Task brief: Transcribe all the entries word for word, omitting any pictures they contain.

-=-=-=-=-

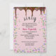 Dripping chocolate icing with colourful candy sprinkles for a 60th birthday party invite.
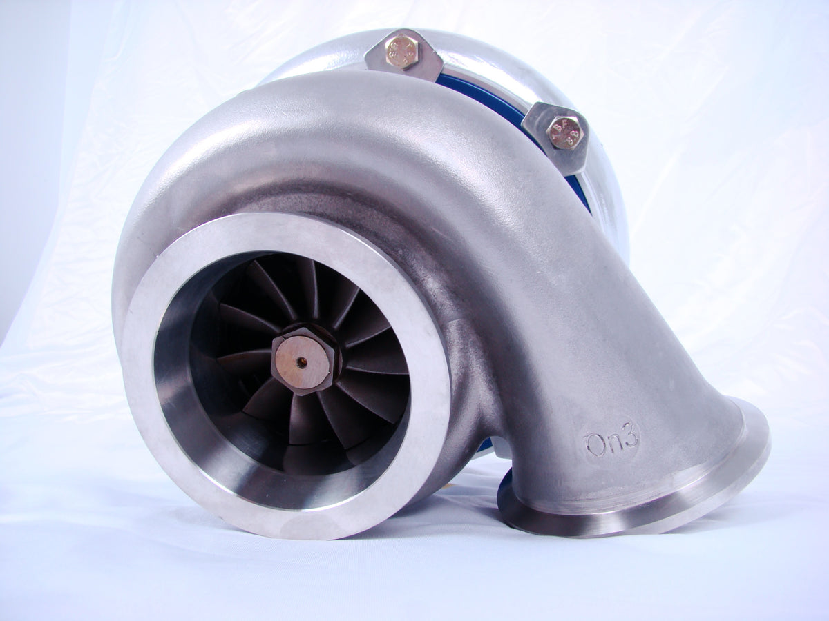 After years of selling this turbo, its has proven its point with being an affordable turbocharger that backs it up with great HP numbers. This turbo will be capable of supporting 750+ rwhp and have customers on the lower end of the power range around the 400's on low boost applications(Our 70mm is rated up to 680rwhp). On of the first cars our turbo was tested on was a 93 Cobra, 347ci and going 10.1x's on 8psi. No physical dyno numbers on that specific car but this car was running 13psi on our 70mm On 3 Performance turbo prior to the upgrade to accomplish almost identical track number.
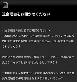 円谷イマジネーションの注意事項を確認して、退会理由アンケートに答えます(※任意回答)。
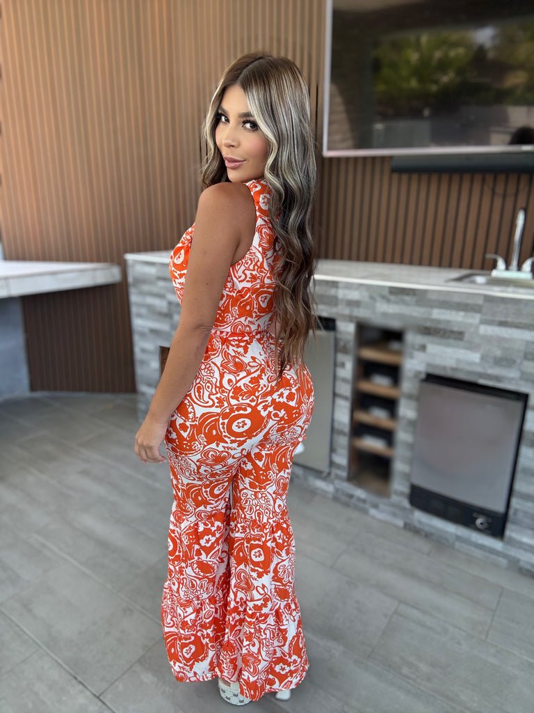 Details: Sleeveless jumpsuit with zipper on the side made from non stretch material , recommend to size up, model is wearing size medium , model is 5.5 height , 38 in bust , 24 in waist and 42 in hips.
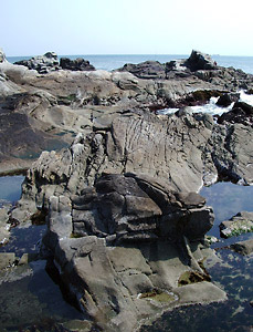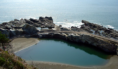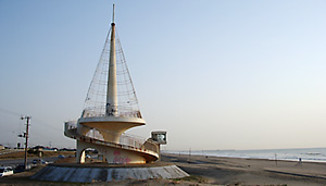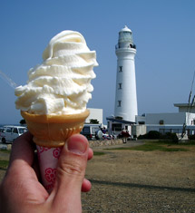 寝たり起きたりを繰り返して2日目の4:30。車中泊したコンビニでおにぎりとお茶を買い、車の中で食べてから太東崎へ移動。誰もいないと思っていたがすでに車が2台。どちらも日の出を待っているようだった。日の出時間の15分くらい前に外に出て、灯を点す太東崎灯台や岬から見下ろす夜の街を眺めてから、水平線から顔を出す日の出をじっと待つ。外はかなり冷え込んでいて手がかじかむ。前日の夕方から曇ってしまったので天気が心配だったが、太東崎から見る限り空には雲一つ無いのでとりあえず安心。そして5:45に太陽が顔を出す。水平線からの日の出は今までに何回か見ているが、やっぱり心が洗われるような清清しい気持ちになれていい。太陽が完全に水平線から出て、さらに上へ昇って行くまでじっと眺めていた。
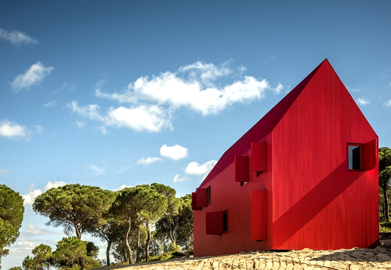 木屋的形狀和顏色設(shè)計(jì)主要是為了模糊外部和內(nèi)部空間之間界限。木屋的設(shè)計(jì)旨在提供一個(gè)...
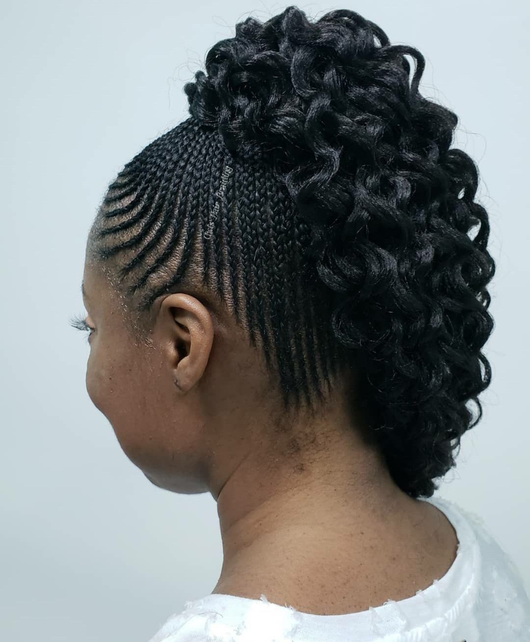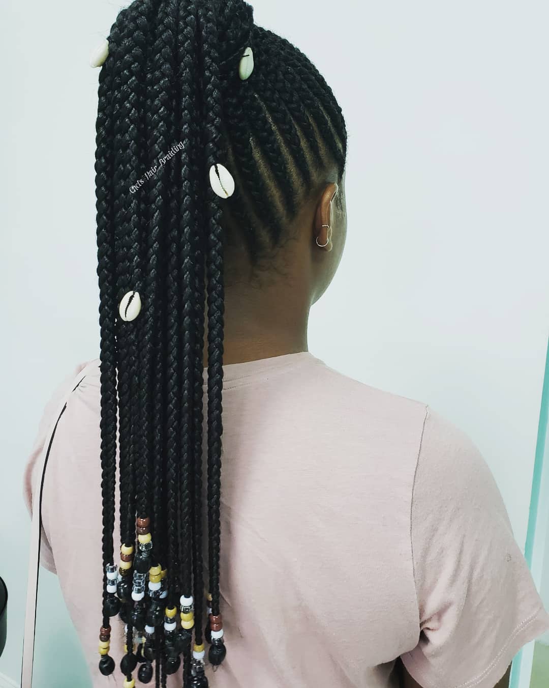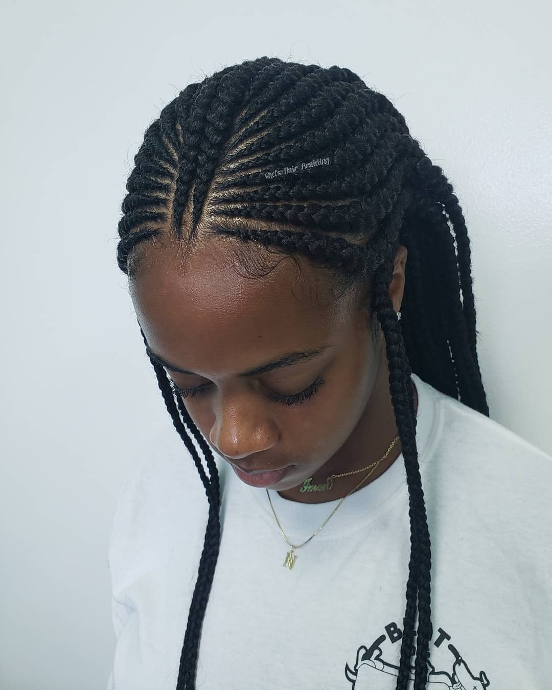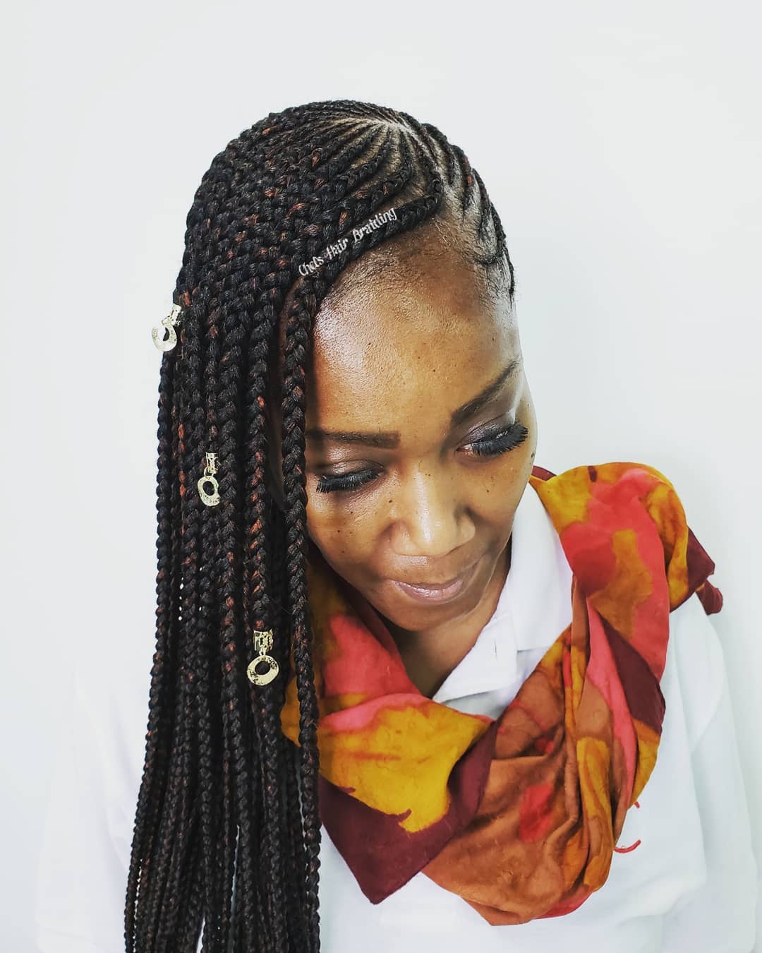 Protective hairstyle inspired by the Fulani people of Africa. It is a protective style, very elegant for queens. It is cornrow-braided in front and box braided or Senegalese or knotless in the back of the head. Very lightweight, helping retain length. Can be well-accessorized with beads and cori. One of the most popular styles worn by celebrities, magazines, and red carpet. Patterns of thin to medium. Whether you want to rock waist-long braids or go for a braided bob, there is a Fulani hairstyle for you to love.

-=-=-=-=-

Answer to the exercise:
 Dripping chocolate icing with colourful candy sprinkles for a 60th birthday party invite.
 After years of selling this turbo, its has proven its point with being an affordable turbocharger that backs it up with great HP numbers. This turbo will be capable of supporting 750+ rwhp and have customers on the lower end of the power range around the 400's on low boost applications(Our 70mm is rated up to 680rwhp). On of the first cars our turbo was tested on was a 93 Cobra, 347ci and going 10.1x's on 8psi. No physical dyno numbers on that specific car but this car was running 13psi on our 70mm On 3 Performance turbo prior to the upgrade to accomplish almost identical track number.
 円谷イマジネーションの注意事項を確認して、退会理由アンケートに答えます(※任意回答)。
 Details: Sleeveless jumpsuit with zipper on the side made from non stretch material , recommend to size up, model is wearing size medium , model is 5.5 height , 38 in bust , 24 in waist and 42 in hips.
 寝たり起きたりを繰り返して2日目の4:30。車中泊したコンビニでおにぎりとお茶を買い、車の中で食べてから太東崎へ移動。誰もいないと思っていたがすでに車が2台。どちらも日の出を待っているようだった。日の出時間の15分くらい前に外に出て、灯を点す太東崎灯台や岬から見下ろす夜の街を眺めてから、水平線から顔を出す日の出をじっと待つ。外はかなり冷え込んでいて手がかじかむ。前日の夕方から曇ってしまったので天気が心配だったが、太東崎から見る限り空には雲一つ無いのでとりあえず安心。そして5:45に太陽が顔を出す。水平線からの日の出は今までに何回か見ているが、やっぱり心が洗われるような清清しい気持ちになれていい。太陽が完全に水平線から出て、さらに上へ昇って行くまでじっと眺めていた。
 木屋的形狀和顏色設(shè)計(jì)主要是為了模糊外部和內(nèi)部空間之間界限。木屋的設(shè)計(jì)旨在提供一個(gè)...
 Protective hairstyle inspired by the Fulani people of Africa. It is a protective style, very elegant for queens. It is cornrow-braided in front and box braided or Senegalese or knotless in the back of the head. Very lightweight, helping retain length. Can be well-accessorized with beads and cori. One of the most popular styles worn by celebrities, magazines, and red carpet. Patterns of thin to medium. Whether you want to rock waist-long braids or go for a braided bob, there is a Fulani hairstyle for you to love.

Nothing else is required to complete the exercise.